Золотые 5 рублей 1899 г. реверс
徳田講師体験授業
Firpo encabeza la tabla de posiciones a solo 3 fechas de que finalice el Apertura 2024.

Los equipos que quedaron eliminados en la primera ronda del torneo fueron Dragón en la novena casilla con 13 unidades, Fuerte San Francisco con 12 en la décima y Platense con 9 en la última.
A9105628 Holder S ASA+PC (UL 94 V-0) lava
* * * * * * * * *
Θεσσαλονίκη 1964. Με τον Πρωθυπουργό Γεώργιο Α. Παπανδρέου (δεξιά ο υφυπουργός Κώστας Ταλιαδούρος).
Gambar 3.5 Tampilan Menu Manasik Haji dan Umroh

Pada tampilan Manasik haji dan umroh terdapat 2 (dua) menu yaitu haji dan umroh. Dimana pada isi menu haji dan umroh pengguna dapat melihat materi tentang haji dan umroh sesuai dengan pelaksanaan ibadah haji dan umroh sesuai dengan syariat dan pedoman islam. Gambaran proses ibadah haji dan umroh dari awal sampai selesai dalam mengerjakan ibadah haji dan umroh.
* * * * * * * * *
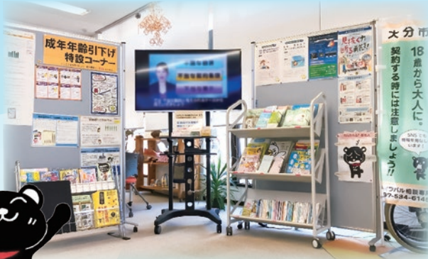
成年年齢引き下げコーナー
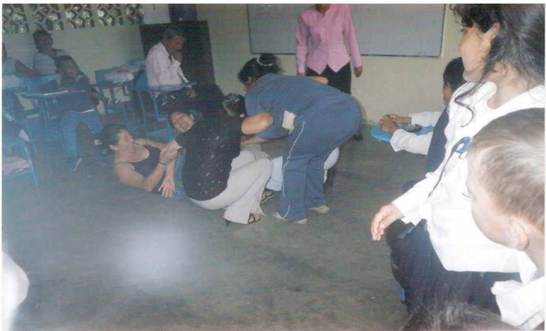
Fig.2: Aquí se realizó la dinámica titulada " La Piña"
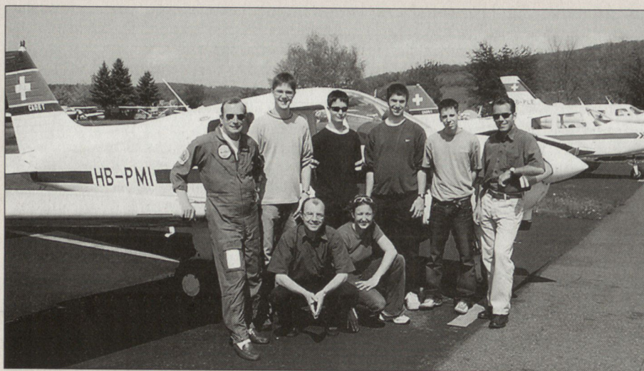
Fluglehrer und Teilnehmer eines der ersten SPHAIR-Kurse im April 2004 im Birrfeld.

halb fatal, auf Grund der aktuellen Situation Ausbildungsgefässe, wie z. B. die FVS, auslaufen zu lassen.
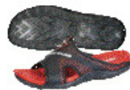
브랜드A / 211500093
* * * * * * * * *
Action item –
Every line containing the string "Manasik" should be pulled from the listing and copied.

Answer space –
Gambar 3.5 Tampilan Menu Manasik Haji dan Umroh
Pada tampilan Manasik haji dan umroh terdapat 2 (dua) menu yaitu haji dan umroh. Dimana pada isi menu haji dan umroh pengguna dapat melihat materi tentang haji dan umroh sesuai dengan pelaksanaan ibadah haji dan umroh sesuai dengan syariat dan pedoman islam. Gambaran proses ibadah haji dan umroh dari awal sampai selesai dalam mengerjakan ibadah haji dan umroh.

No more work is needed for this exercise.